The performance data quoted represents past performance. The above performance information for the Fund does not reflect the imposition of a 2% redemption fee on shares held for 90 days or less to deter market timers. If reflected, the fee would reduce the performance quoted. Past performance does not guarantee future results. The investment return and principal value will fluctuate so that an investor's shares, when redeemed, may be worth more or less than their original cost. Current performance may be lower or higher than the performance data quoted. Average annual total return measures annualized change, while total return measures aggregate change. To obtain most recent month-end performance data, visit oakmark.com.

* Not annualized

Quarter Review

The June quarter extended The Oakmark Global Fund's streak of profitable quarters to eleven with a gain of 6%. Though a fine absolute return, the number lagged behind the 7% that the MSCI World Index reported. During the quarter the Fund enjoyed strong results in the U.S. and several European markets. Yet poor relative returns in Japan and the United Kingdom as well as a lack of exposure to resource-based economies produced the shortfall versus the benchmark. The Fund's country weights remained relatively constant.

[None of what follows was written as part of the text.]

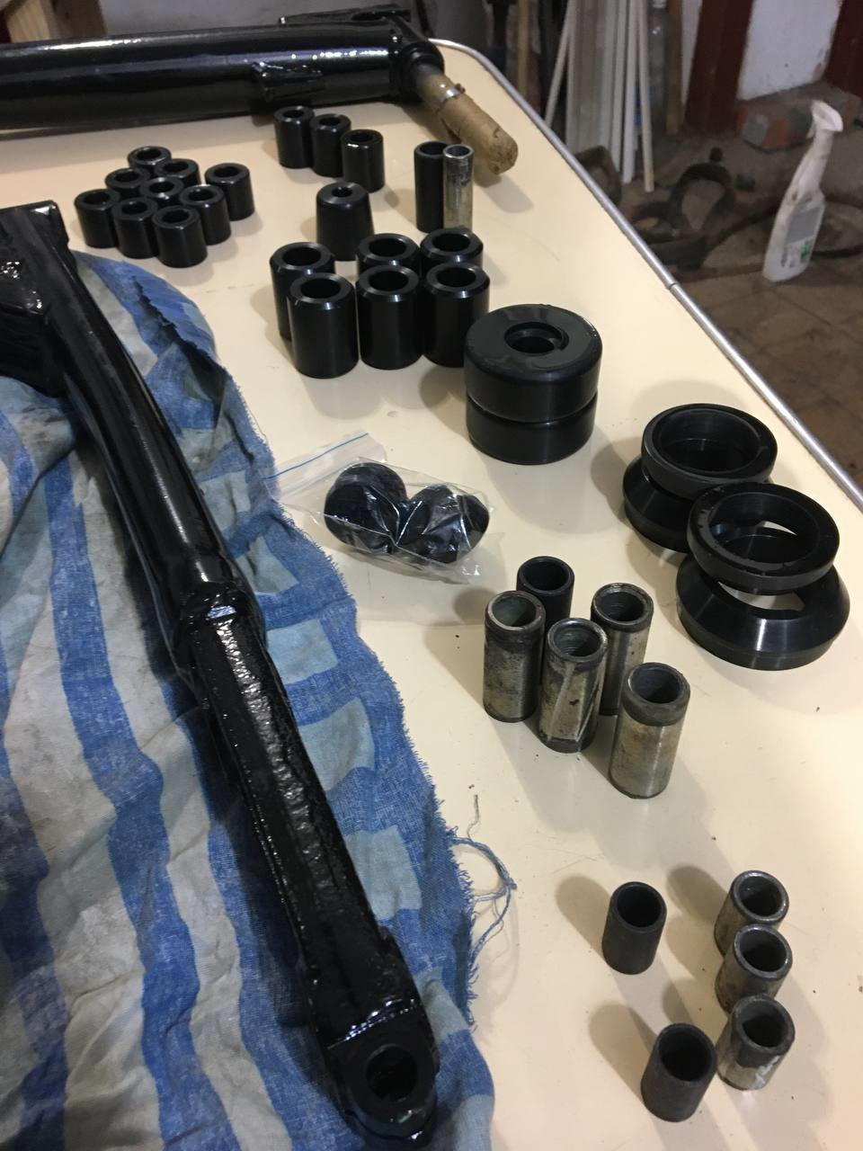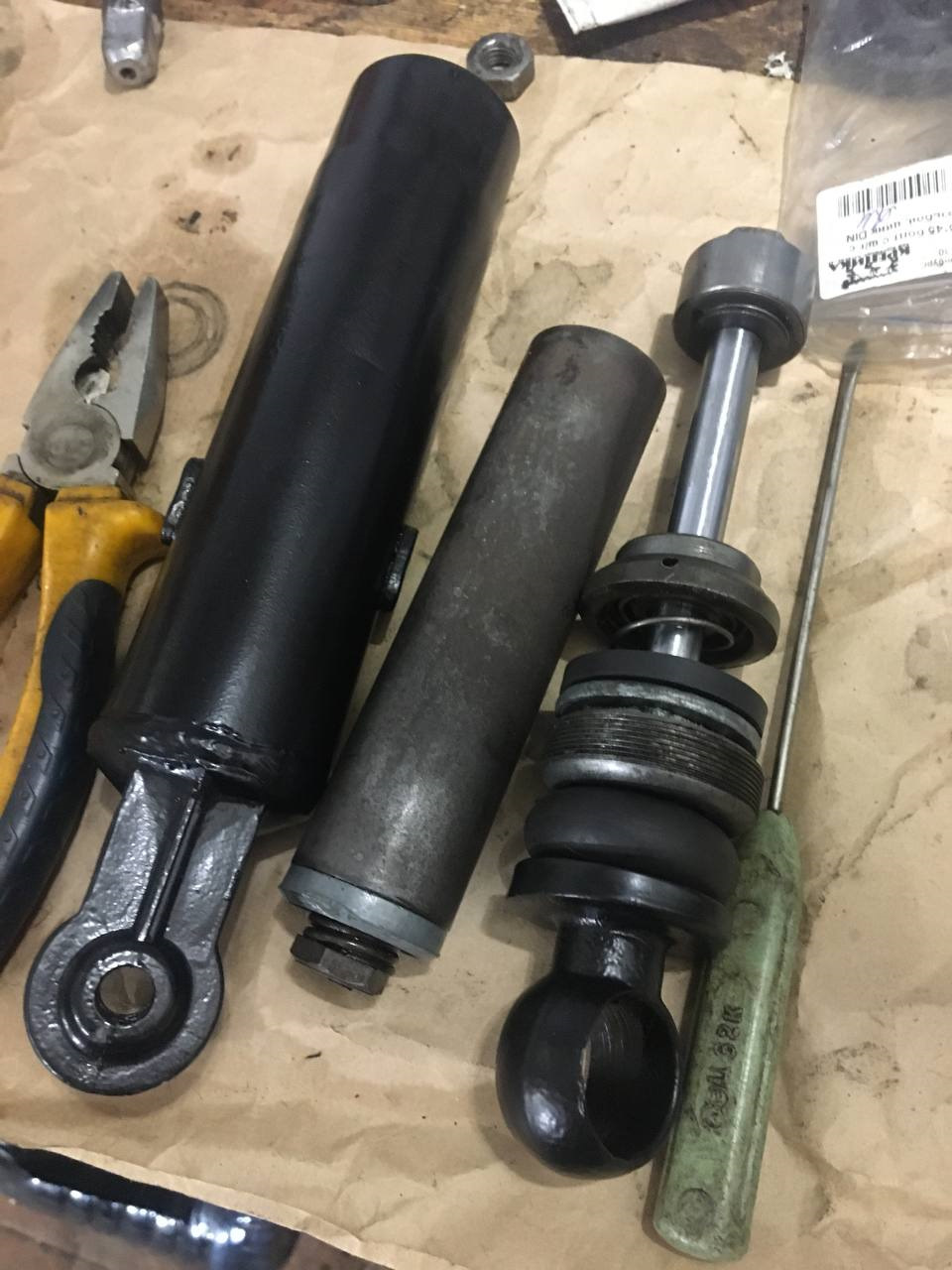 Амортизаторы были разобраны, отпескоструены, покрашены в порошок, собраны на новых штоках и современных комплектующих (упругая и мягкая резина). Но потом я об этом пожалел. В будущем планирую переходить на вкладыши на основе амортизаторов ВАЗ и вам рекомендую, меньше мороки с этим амортизаторным бутербродом.

The nine months of the Fund's fiscal year show a return of 21%, compared to 18% for the MSCI World Index. As always, we are most pleased to report that the compound annualized rate of return since the Fund's inception is 18%.

Since the Fund's inception, corporate transaction activity has benefited the Fund's returns, and the pace of that activity has been accelerating. For example, the Fund's June quarter experienced two deals, Ceridian and eFunds. We do not initiate positions in equities with a specific expectation that a buyout will eventually occur, but a profitable acquisition outcome is the ultimate vindication of analysis for value investors. In the June quarter the financial press turned its focus to private equity firms and their transactions. Usually when the financial press settles on an issue of the day, one can be certain that the issue is soon to fade away. And it does look like the political and interest rate environments are trending less favorably for the private equity buyer. While private equity has played a role in the Fund's acquisition outcomes, strategic acquisitions (e.g. one company purchasing another to create a stronger entity) have been far more important. Nikko Securities, Burlington Resources, eFunds, and the DaimlerChrysler sale of Chrysler are all recent examples of strategic transactions with large positive outcomes. Should private equity somehow recede back into obscurity, we would still expect deal activity to continue.

June Quarter Stocks of Interest

In the previous quarter's report we wrote that we had initiated a position in UBS, the Swiss-based financial conglomerate. In June, UBS announced the sale of its 21% stake in Julius Baer, another Global Fund holding. UBS received its Baer shares in 2005 in exchange for three non-UBS branded Swiss domiciled private banks and GAM, an alternative investments firm. This exchange proved very successful for both Baer and UBS. Julius Baer's management has successfully integrated the various businesses, improved the scale of its private banking business, and strengthened the

THE OAKMARK GLOBAL FUND
21



product offering for its clients. Julius Baer's share price nearly doubled over UBS's holding period.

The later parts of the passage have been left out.